***** Data block

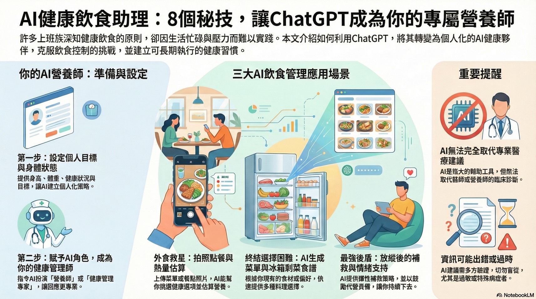 介紹AI在健康管理與數位安全方面的應用。內容包括健康資訊查詢、用藥提醒、以及如何辨識網路詐騙與可疑訊息等。同時也會分享AI在未來生活中的發展趨勢,例如智慧家庭、遠距醫療與個人化服務等,讓學員了解AI科技如何持續改變我們的生活方式。透過本單元,學員將建立更完整的AI生活應用觀念,並具備基本的數位安全意識。穿戴式裝置與健康數據:解讀智慧手錶/手環的健康數據 (心率、血氧、睡眠);AI營養師藉由拍照分析食物,計算熱量與營養素;遠距醫療與AI輔助診斷的未來展望。
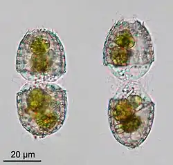 Coleps is a genus of ciliates in the class Prostomatea with barrel-shaped bodies surrounded by regularly arranged plates composed of calcium carbonate.[2]
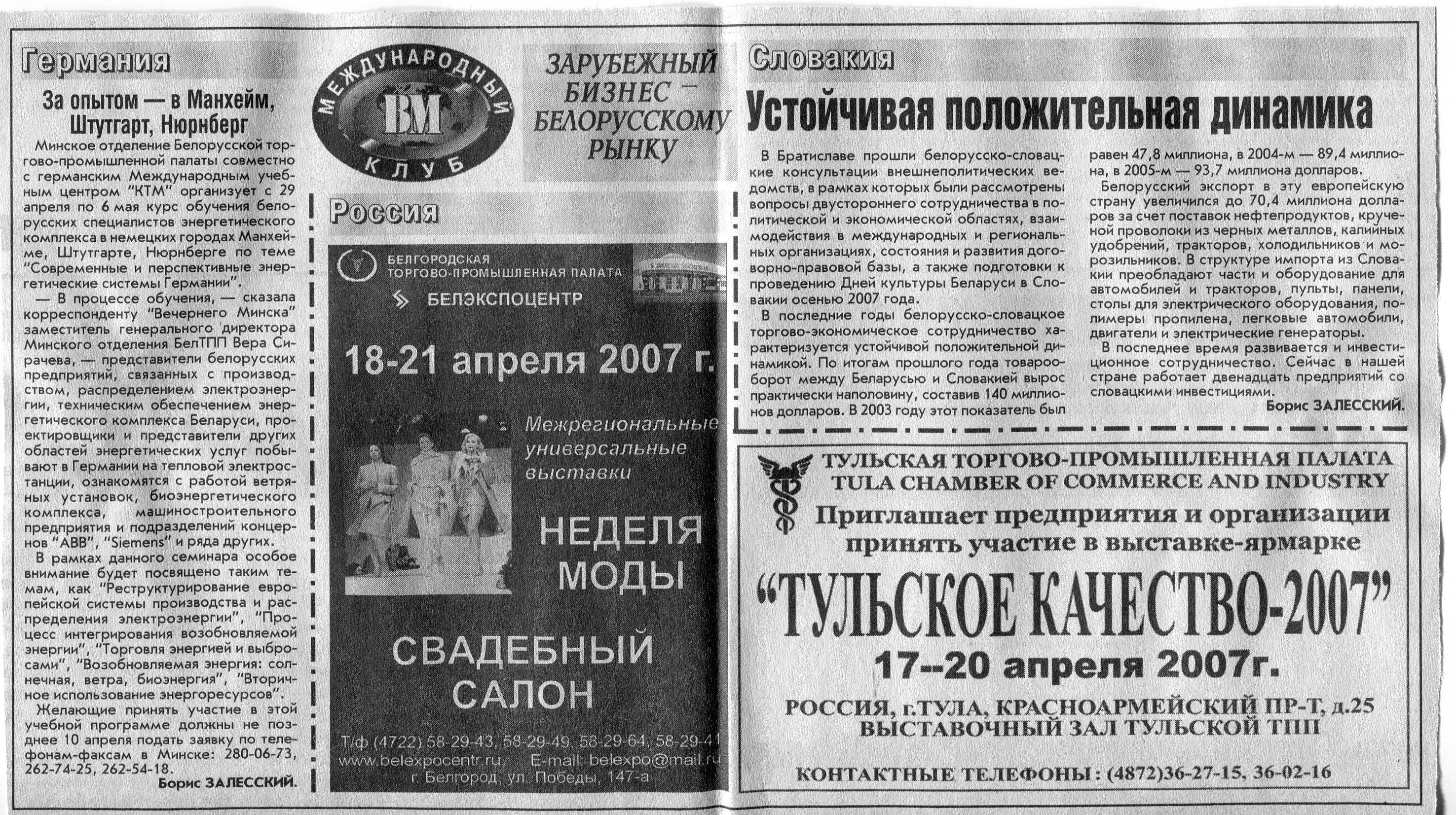 Европейский бизнес - белорусскому рынку // Вечерний Минск. - 2007. - 20 апр.

**********

Prompt » Pictures do not belong in the copy. Reproduce the rest of the data exactly.

Expected answer »
 介紹AI在健康管理與數位安全方面的應用。內容包括健康資訊查詢、用藥提醒、以及如何辨識網路詐騙與可疑訊息等。同時也會分享AI在未來生活中的發展趨勢,例如智慧家庭、遠距醫療與個人化服務等,讓學員了解AI科技如何持續改變我們的生活方式。透過本單元,學員將建立更完整的AI生活應用觀念,並具備基本的數位安全意識。穿戴式裝置與健康數據:解讀智慧手錶/手環的健康數據 (心率、血氧、睡眠);AI營養師藉由拍照分析食物,計算熱量與營養素;遠距醫療與AI輔助診斷的未來展望。
 Coleps is a genus of ciliates in the class Prostomatea with barrel-shaped bodies surrounded by regularly arranged plates composed of calcium carbonate.[2]
 Европейский бизнес - белорусскому рынку // Вечерний Минск. - 2007. - 20 апр.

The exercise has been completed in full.